Johann Moritz um 1668 (von Jan de Baen)

Moritz diente der Republik der Vereinigten Niederlande als Offizier, zuletzt als Feldmarschall, ab 1636 bis 1644 als Generalgouverneur der Besitzungen der Niederländischen Westindien-Kompanie in Niederländisch-Brasilien sowie als Gouverneur von Wesel und Utrecht.

Dem brandenburgischen Kurfürsten Friedrich Wilhelm diente er ab 1649 als Statthalter im Herzogtum Kleve und der Grafschaft Mark, ab 1658 auch im Fürstentum Minden. 1652 wurde er außerdem Herrenmeister des Johanniterordens. Auch als Bauherr erlangte er Bedeutung.

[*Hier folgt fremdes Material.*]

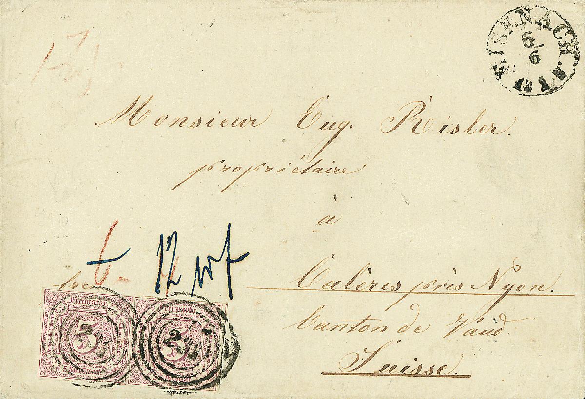 | Zusatzinformationen und Suchstichworte: | Dr. Derichs 170. Auktion 3. Juni 2023 Los 1384 Altdeutschland Thurn und Taxis 5 Sgr. braunpurpur, waagerechtes Paar (Oberrand sowie rechte untere Markenecke kunstvoll ergänzt) auf Brief mit Nummernstempeln "231" und Neben-K1 "Eisenach 6/6" (1865) nach Caleres bei Nyon/Kanton Waadt/Schweiz. Tarifrichtige 10-Silbergroschen-Frankatur für einen Brief der zweiten Gewichtsstufe in den 2. Rayon der Schweiz mit 6 Silbergroschen für den Postverein und 4 Silbergroschen Weiterfranko. Mehrfachfrankaturen dieser hohen Wertstufe ohne weitere Zusatzfrankatur sind selten. Fotoattest Nickel BPP und neues Fotoattest Sem BPP. Zuschlag 420,00 EUR |

Geboren wurde Moritz als Sohn des Grafen Johann VII. von Nassau-Dillenburg, der von 1607 bis zu seinem Tode 1623 regierender Graf von Nassau-Siegen war. Dessen Onkel war Wilhelm von Nassau-Dillenburg, der als Wilhelm der Schweiger zum Gründer der unabhängigen Niederlande und Begründer des Hauses Oranien geworden war. Seine Mutter war Margarethe von Schleswig-Holstein-Sonderburg, eine Nichte des dänischen Königs und zweite Ehefrau des Vaters. Seinen Vornamen Moritz erhielt er nach Moritz von Oranien, dem Vetter seines Vaters. Er hatte insgesamt 24 Geschwister und Halbgeschwister, von denen viele im Kindesalter starben. Die überlebenden Brüder traten – wie er selbst – allesamt in auswärtige Militärdienste, da die Erträge der kleinen Grafschaft bescheiden waren.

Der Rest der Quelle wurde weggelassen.